By Tracy Gupton
Columbia Historical Museum
Discussions of the “early days” of the history of the West Columbia and East Columbia area of Brazoria County far too often begin with the introduction of Anglo settlers first stepping foot on the fertile grounds between the Brazos and San Bernard Rivers in the 1820s. However, the land was not unoccupied prior to Stephen F. Austin leading “The Old 300” American families from western Louisiana into what was then the southeastern portion of Mexico.
Famous names like Austin and Sam Houston are more frequently associated with early Columbia, Texas, due to our quaint little town’s place in Texas History as the first capitol of the new republic in 1836 and 1837. Less well-known names like Josiah Bell, Martin Varner, James Phelps and Brit Bailey come to mind if the topic of who the Columbia area’s earliest settlers were.
History failed to record the names of the many people who called this area home for centuries before the arrival of the white man. The indigenous inhabitants of a strip of Texas coastal inlets, marshes, and forests from Galveston Bay to Corpus Christi Bay were the Karankawa Indians. Former West Columbia High School teacher and coach James “Deacon” Creighton wrote in his 1975 book, “A Narrative History of Brazoria County, Texas,” that “the Karankawa Indians were by far the fiercest and most aggressive of all tribes in the Texas coastal plains” in the early 1820s.
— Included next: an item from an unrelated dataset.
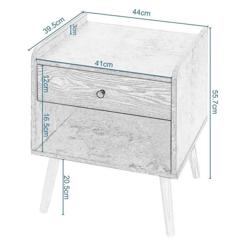 Dit nachtkastje is vervaardigd met hoogwaardige materialen, waaronder hout met fineer en massief houten poten, waardoor het stevig, duurzaam en gemakkelijk te reinigen is. De verhoogde poten maken het reinigen van de vloer eronder eenvoudig, terwijl de antislip vilten pads onder de poten bescherming bieden tegen krassen op de vloer. Met zijn veelzijdige ontwerp kan dit nachtkastje niet alleen dienen als nachtkastje, maar ook als bijzettafel, salontafel of sofa tafel in andere ruimtes van uw huis. De eenvoudige montage-instructies maken het samenstellen van dit nachtkastje een moeiteloze taak, zelfs voor beginners.

“Because of their unceasing threat to life and property (of the white settlers), Austin on June 22, 1824, ordered five companies of militia recruited to make the colony safe,” wrote Creighton, who taught school in West Columbia in the 1920s and early 1930s. “Brazoria County was included in the jurisdiction of Captain Randall Jones (who the nearby community of Jones Creek is named after).”
Creighton said that James Brit Bailey (who Bailey’s Prairie between East Columbia and Angleton is named for) was first lieutenant of this militia. Reported failed attempts to get along with the “Kronks,” as the Anglo settlers often referred to the area’s natives, reached a boiling point when a number of Karankawa braves showed up at Brit Bailey’s store demanding to purchase ammunition, according to Creighton’s history of Brazoria County.
When fighting ultimately broke out between Bailey and other white settlers with the Karankawas, Captain Jones and over 20 other militia members pursued the fleeing “Kronks” toward their encampment “on a small tributary of the Bernard River” where, at about dawn, a violent confrontation commenced, resulting in the deaths of three Anglos and the retreat into the marsh grass by the Karankawas.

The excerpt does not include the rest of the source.